Key chains are another simple gift idea with a low reaction possibility. I absolutely love to put keychains on the backpack that carries my infusions. They are also an accessory to the key for my CADD infusion pump. 

   6. Feeding Tube Pads

Not all patients with allergies are tube fed, but some are. If your loved one is a tubie, tube pads are a cute alternative to plain gauze to use as a feeding tube dressing. The price of a set is around $20.00-$25.00. My favorite shops for tube pads are: MyTubiesCloset, Milostones, and Julias G-Tube Pads

   7. Music 

CDs, is universal. It is comforting when really struggling with illness or other life matters. 

   8. Subscription Box Trial 

Monthly subscriptions are a unique surprise.
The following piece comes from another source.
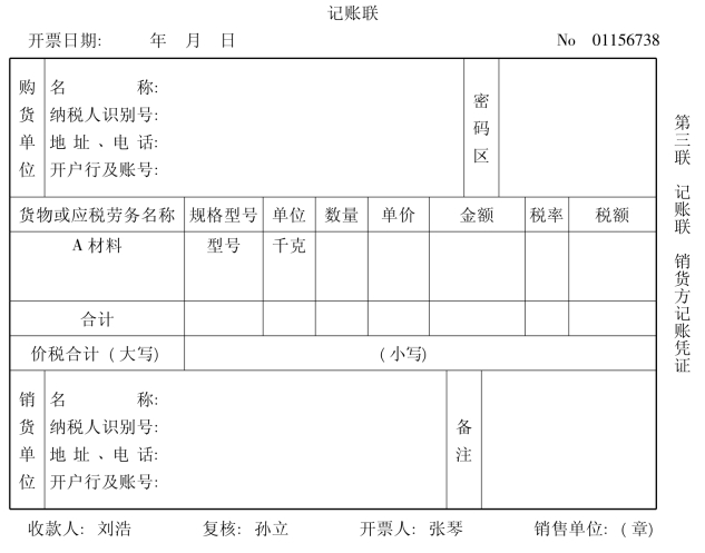 2014年12月3日天鸿电器生产有限公司向华光电器生产有限公司销售A材料一批,确定账面成本35000元,售价42000元,增值税7140元。收到价税款转账支票一张。

Cater it towards your loved ones interests. 

   9. Blanket 

The sick and healthy alike have use for a blanket. The gift is sentimental, as well as practical. I cherish blankets that are given to me and I use them almost daily! 

To a patient with mast Cell Disease and allergic medical conditions, there is nothing more special than knowing our friends and family care enough to consider our safety. Regardless of the gift, abiding by the seemingly crazy stipulations of the disease is the perfect Merry Christmas!